>>>>

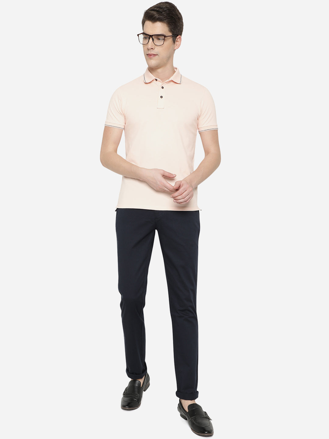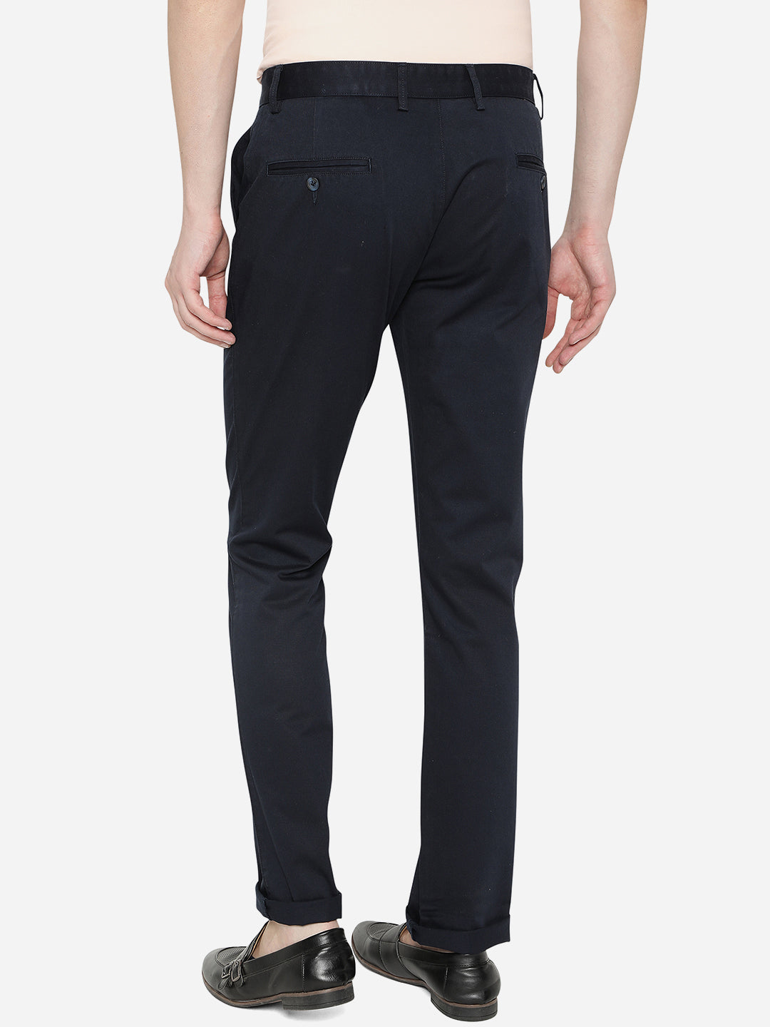Navy Blue Solid Super Slim Fit Casual Trouser | Greenfibre
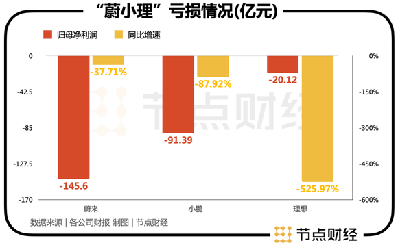 财报显示,轰轰烈地干了近十年,蔚来、小鹏、理想无一盈利,“失血窟窿”还有肿胀的迹象。2022年,三家公司分别亏损145.6亿元、91.39亿元、20.12亿元,同比扩大37.71%、87.92%、525.97%。
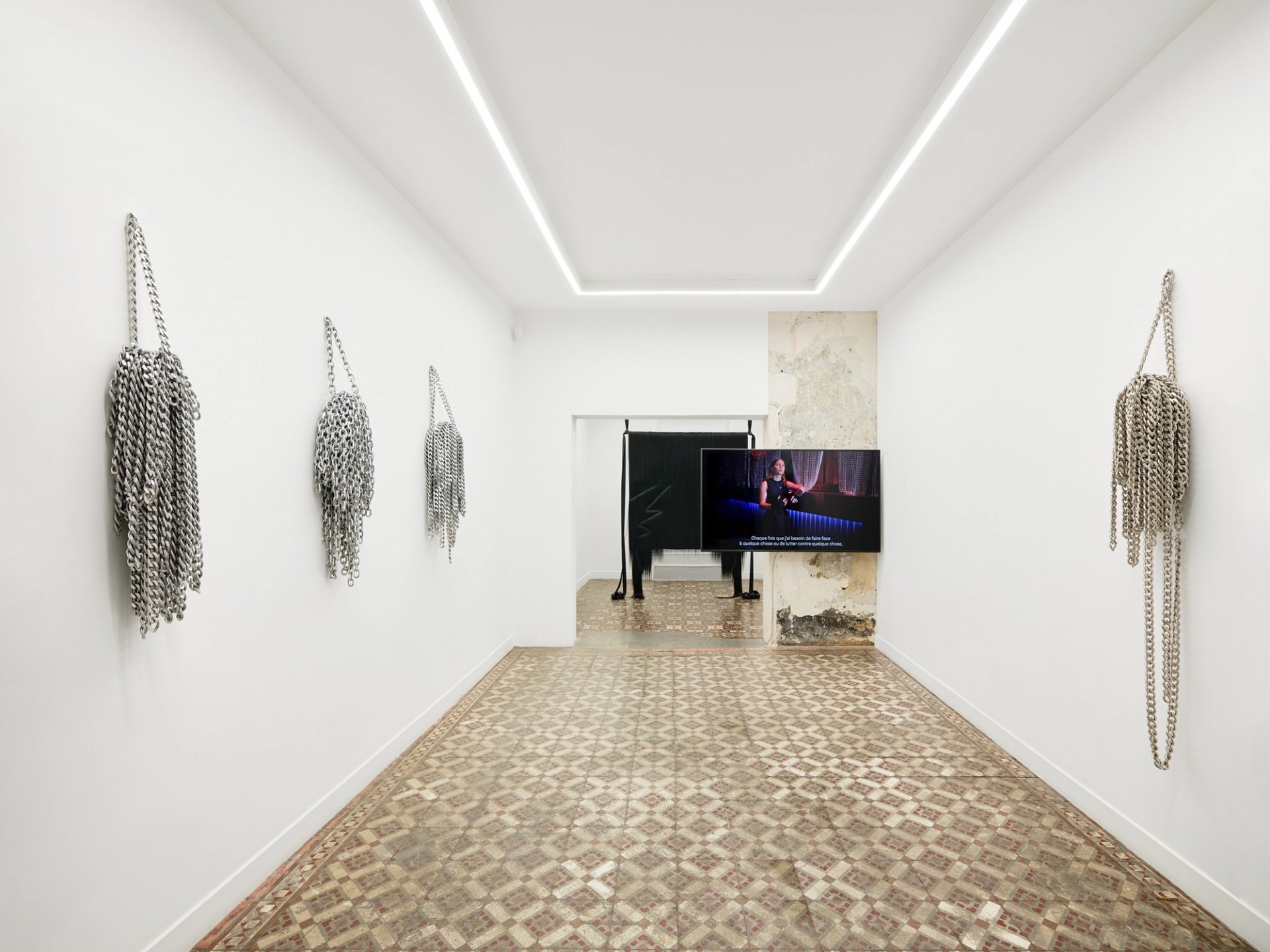 Chez Pauline Boudry/Renate Lorenz, la performance, le film et l’exposition ne sont pas des domaines séparés. « Right Body, Wrong Time », titre de l’exposition, est aussi celui d’une série de nouvelles pièces en chevelures artificielles noires. Ce sont des tentures portées par des lanières de feutre et qui sont marqués d’empreintes triangulaires. Les perruques symbolisent avant tout pour les artistes la possibilité de changer de genre. À côté de ces pièces en perruques, sont montrés des blocs de chaînes d’acier suspendues au mur. Les chaînes comptent également beaucoup dans le répertoire du duo en raison de leur polysémie : instrument d’oppression, symbole d’attachement, accessoire sexuel ou bijou chic. Ces nouvelles sculptures résonnent particulièrement avec l’installation All the things she said, composées de deux films consacrés à Chelsea Manning. Le titre peut être entendu à la fois comme une référence à la gigantesque fuite d’informations classifiées qui l’ont rendue célèbre et de tout ce qu’elle a pu rapporter de ses expériences. Dans leur film I Want (2015), Sharon Hayes récitait notamment des textes de Manning, alors incarcérée, et portait une perruque en hommage à une photo de l’héroïne. Les deux films de 2024 ont été tournés au SchwuZ, le plus ancien club queer et trans berlinois. Dans l’un des films, Chelsea Manning raconte comment la musique fut sa planche de salut alors qu’elle se trouvait à l’isolement. L’autre film nous fait assister à une de ses performances de Djaying sur la scène du club déserté. La caméra est fixée sur la musicienne puis se déplace et le son avec elle, pour trouver un équivalent filmique à l’expérience du concert. C’est la célébration d’une figure héroïque et du pouvoir de la musique, un écho au go-go danseur de Felix Gonzalez-Torres. Boudry et Lorenz en appellent à la complicité des visiteurs auxquels elles s’adressent directement par une lettre collée au mur.
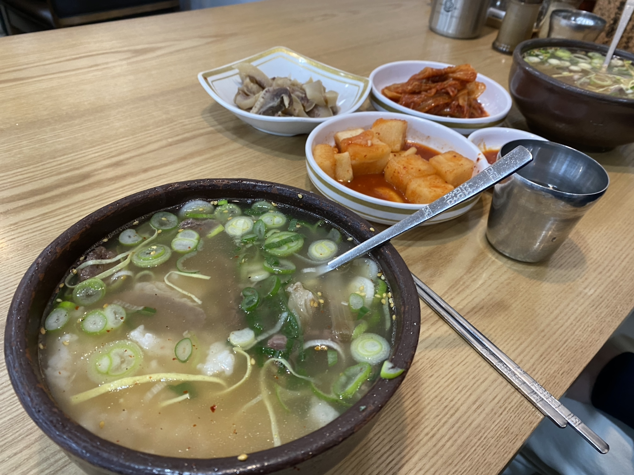 고기는 푸짐, 소머리고기인듯 비계를 따로 한접시 내어준다. 퍼먹어도 퍼먹어도 계속 나오는 고기를 그래도 반쯤 비운 뒤에 비계를 국에 후루룩 말았다. 쫄깃한 소 비곗살이 국물의 온기에 부드러워져 눅진하게 혀에 감긴다. 햐.
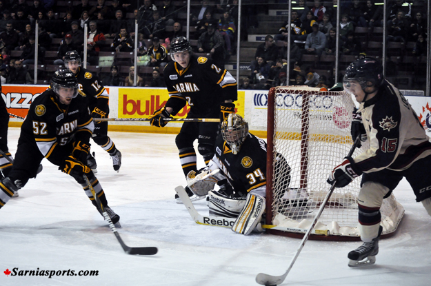 Sarnia picks up a single point and is one point behind Sault Ste. Marie in the battle for sixth place. Both teams have two games remaining.
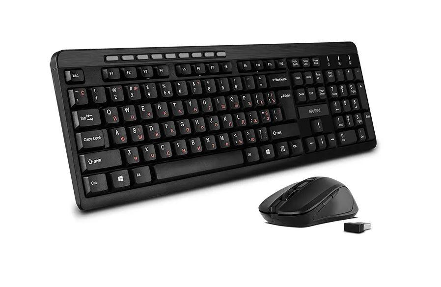 Набор SVEN KB-C3400W беспроводные клавиатура и мышь чёрные (USB, 113 кл, 6 кнопок, 1600 dpi)
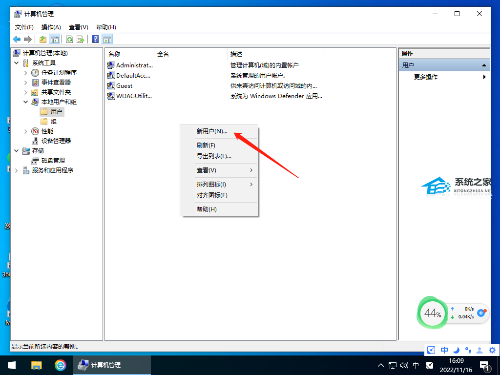 4、鼠标放在空白处右键打开选项选择“新用户”。

<<<<

The aim is an exact repeat of the entire listing, stripped of pictures.

Navy Blue Solid Super Slim Fit Casual Trouser | Greenfibre
 财报显示,轰轰烈地干了近十年,蔚来、小鹏、理想无一盈利,“失血窟窿”还有肿胀的迹象。2022年,三家公司分别亏损145.6亿元、91.39亿元、20.12亿元,同比扩大37.71%、87.92%、525.97%。
 Chez Pauline Boudry/Renate Lorenz, la performance, le film et l’exposition ne sont pas des domaines séparés. « Right Body, Wrong Time », titre de l’exposition, est aussi celui d’une série de nouvelles pièces en chevelures artificielles noires. Ce sont des tentures portées par des lanières de feutre et qui sont marqués d’empreintes triangulaires. Les perruques symbolisent avant tout pour les artistes la possibilité de changer de genre. À côté de ces pièces en perruques, sont montrés des blocs de chaînes d’acier suspendues au mur. Les chaînes comptent également beaucoup dans le répertoire du duo en raison de leur polysémie : instrument d’oppression, symbole d’attachement, accessoire sexuel ou bijou chic. Ces nouvelles sculptures résonnent particulièrement avec l’installation All the things she said, composées de deux films consacrés à Chelsea Manning. Le titre peut être entendu à la fois comme une référence à la gigantesque fuite d’informations classifiées qui l’ont rendue célèbre et de tout ce qu’elle a pu rapporter de ses expériences. Dans leur film I Want (2015), Sharon Hayes récitait notamment des textes de Manning, alors incarcérée, et portait une perruque en hommage à une photo de l’héroïne. Les deux films de 2024 ont été tournés au SchwuZ, le plus ancien club queer et trans berlinois. Dans l’un des films, Chelsea Manning raconte comment la musique fut sa planche de salut alors qu’elle se trouvait à l’isolement. L’autre film nous fait assister à une de ses performances de Djaying sur la scène du club déserté. La caméra est fixée sur la musicienne puis se déplace et le son avec elle, pour trouver un équivalent filmique à l’expérience du concert. C’est la célébration d’une figure héroïque et du pouvoir de la musique, un écho au go-go danseur de Felix Gonzalez-Torres. Boudry et Lorenz en appellent à la complicité des visiteurs auxquels elles s’adressent directement par une lettre collée au mur.
 고기는 푸짐, 소머리고기인듯 비계를 따로 한접시 내어준다. 퍼먹어도 퍼먹어도 계속 나오는 고기를 그래도 반쯤 비운 뒤에 비계를 국에 후루룩 말았다. 쫄깃한 소 비곗살이 국물의 온기에 부드러워져 눅진하게 혀에 감긴다. 햐.
 Sarnia picks up a single point and is one point behind Sault Ste. Marie in the battle for sixth place. Both teams have two games remaining.
 Набор SVEN KB-C3400W беспроводные клавиатура и мышь чёрные (USB, 113 кл, 6 кнопок, 1600 dpi)
 4、鼠标放在空白处右键打开选项选择“新用户”。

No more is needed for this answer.